Linda Catherine Schmidt (November 27, 1958 – March 12, 2021) was an American mechanical engineer whose interests included the engineering design process, the use of formal grammars in design, and engineering education. She was a faculty member in the A. James Clark School of Engineering at the University of Maryland, College Park.

==Life==
Schmidt was born on November 27, 1958, in Blue Island, Illinois. She studied industrial engineering at Iowa State University, earning a bachelor's degree in 1989 and a master's degree in 1991. Her master's degree research concerned queueing theory, under the mentorship of John Jackman. She next went to Carnegie Mellon University for doctoral study in mechanical engineering, completing her Ph.D. in 1995. Her dissertation, An Implementation Using Grammars of an Abstraction-Based Model of Mechanical Design for Design Optimization and Design Space Characterization, was supervised by Jonathan Cagan.

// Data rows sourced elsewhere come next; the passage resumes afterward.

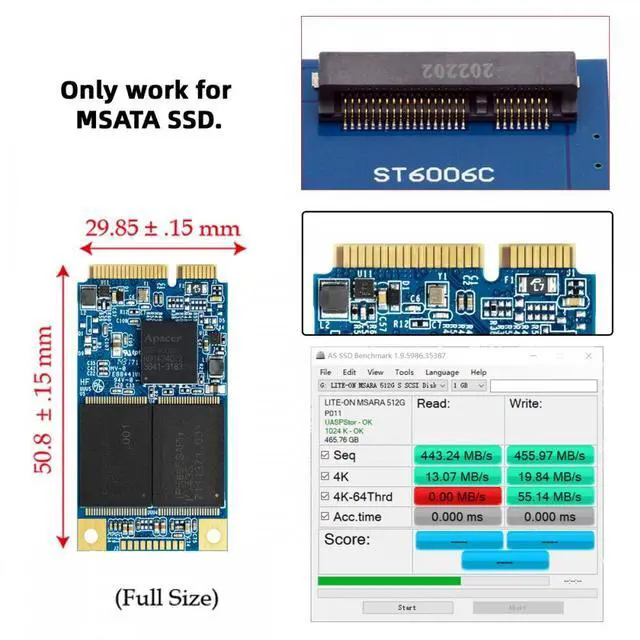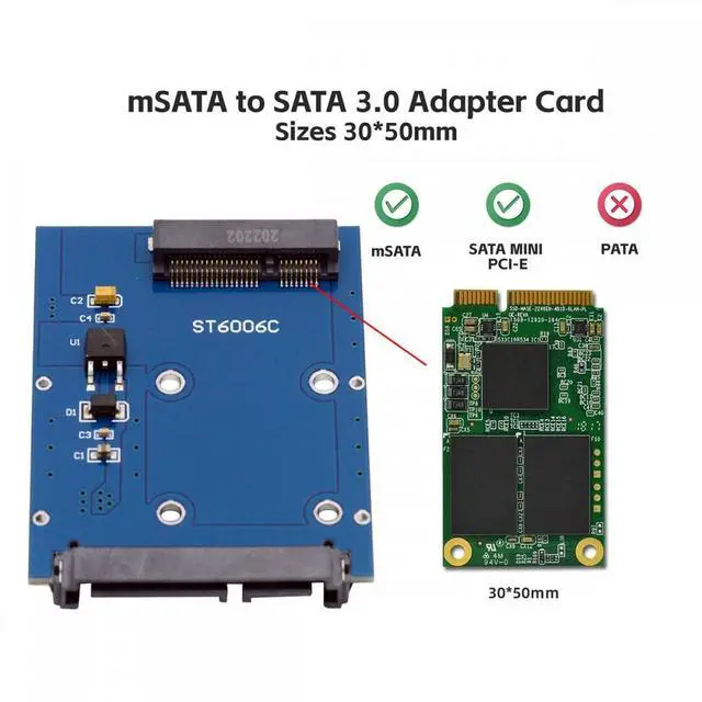 Note: This adapter is only compatible with MSATA connector. Not compatible with 50mm Mini PCI-e SATA and Mini PCI-e PATA.
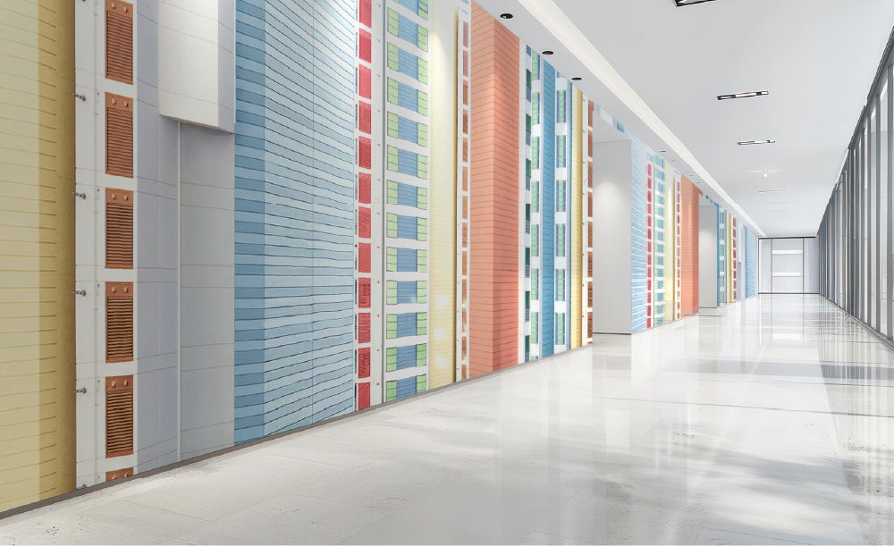 ビル群やひしめき合う住宅など、都市部ならではの風景写真から画像処理によって情報を整理し、均整された印象が一種のパターンとして機能する自身ならではの作風が壁紙として大空間を彩ります。
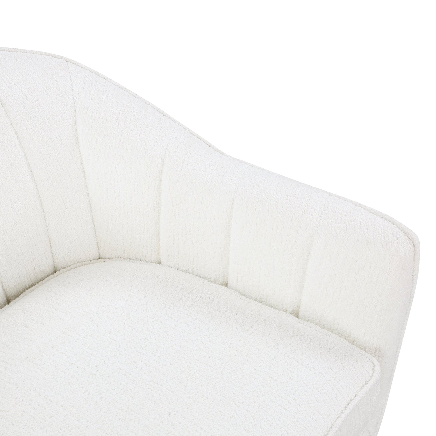 Inspired by the refined styling of the Mid-Century Modern movement, the Cutler Collection presents a tailored profile to pair with your home’s décor. The curved channel-tufted frame envelopes your seated experience while the white textured fabric upholstery is complemented by the brown-finished wood legs.
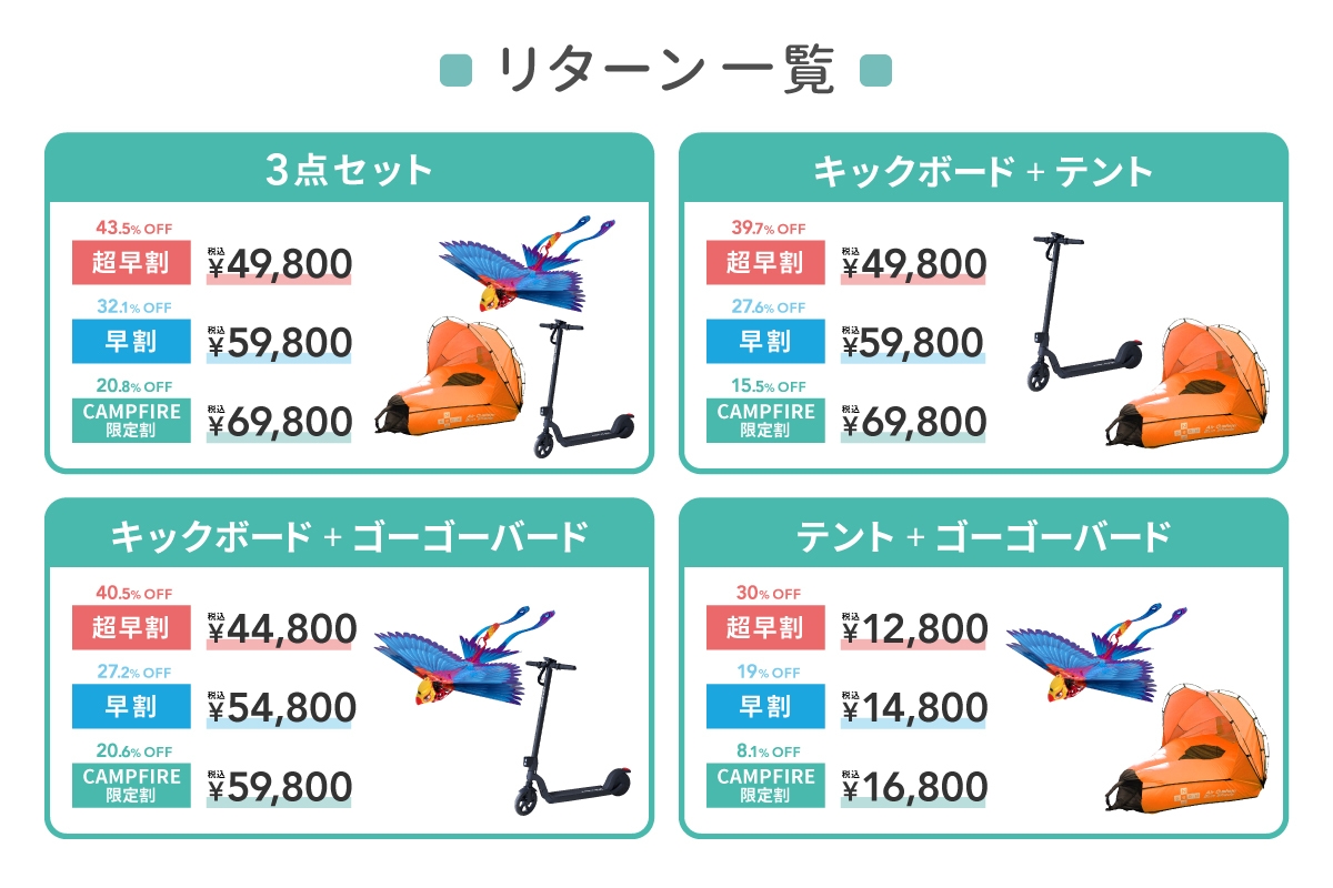 「バッテリーの安全性を重視した電動キックボード」、「ほっと一息くつろげる水陸両用エアークッションテント」や「鳥の羽ばたきを再現した鳥型ドローンGo Go Bird」をセットにして、プロジェクトを開始!キャンプや公園、屋外パーティなどレジャーやアウトドアを家族でより楽しめる最適なファミリーレジャー製品です!
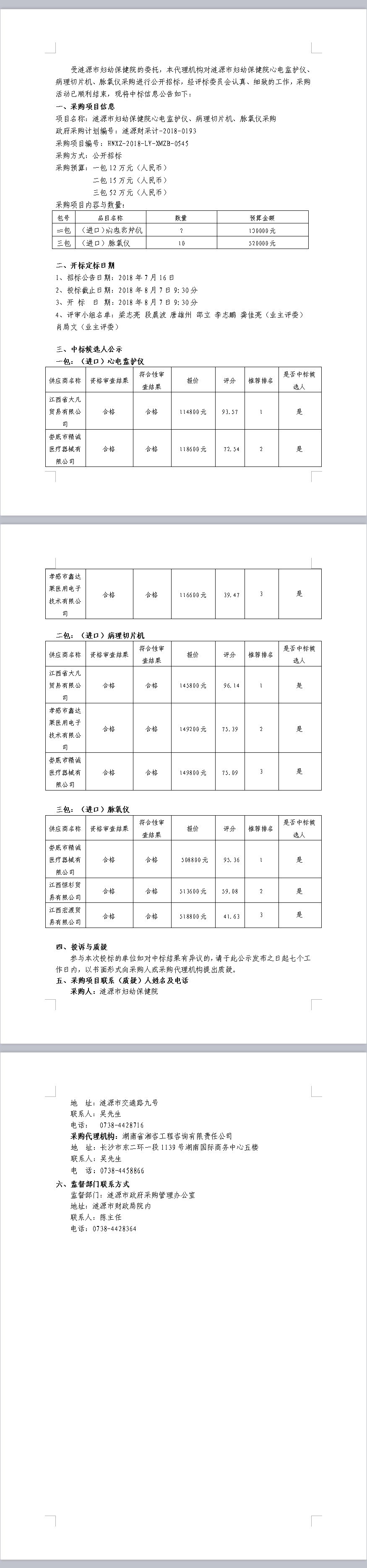 漣源市婦幼保健院心電監(jiān)護儀、病理切片機、脈氧儀采購 中標結(jié)果公告

She joined the University of Maryland as an assistant professor of mechanical engineering in 1995, and was tenured as an associate professor there in 2001. At the University of Maryland, she founded and directed the Designer Assistance Tool Laboratory, and the DesignME Suite, a group of three student engineering design laboratories.

She died on March 12, 2021.

==Recognition==
Schmidt was the 2008 winner of the Fred Merryfield Design Award of the American Society for Engineering Education. She was named as an ASME Fellow by the American Society of Mechanical Engineers in 2014, "for her influential role in the development of the field of engineering design and her lasting contributions to these fields".

==Books==
Schmidt was the author or coauthor of books including:
- Product Engineering and Manufacturing (with Cunniff, Daily, Dieter, Hermann, Zhang, and Cunniff, College House, 1998; 2nd ed., 2002)
- Engineering Design (with George E. Dieter, McGraw Hill, 4th ed., 2009)

She was coeditor of:
- Decision Making in Engineering Design (with Chen and Lewis, ASME Press, 2006)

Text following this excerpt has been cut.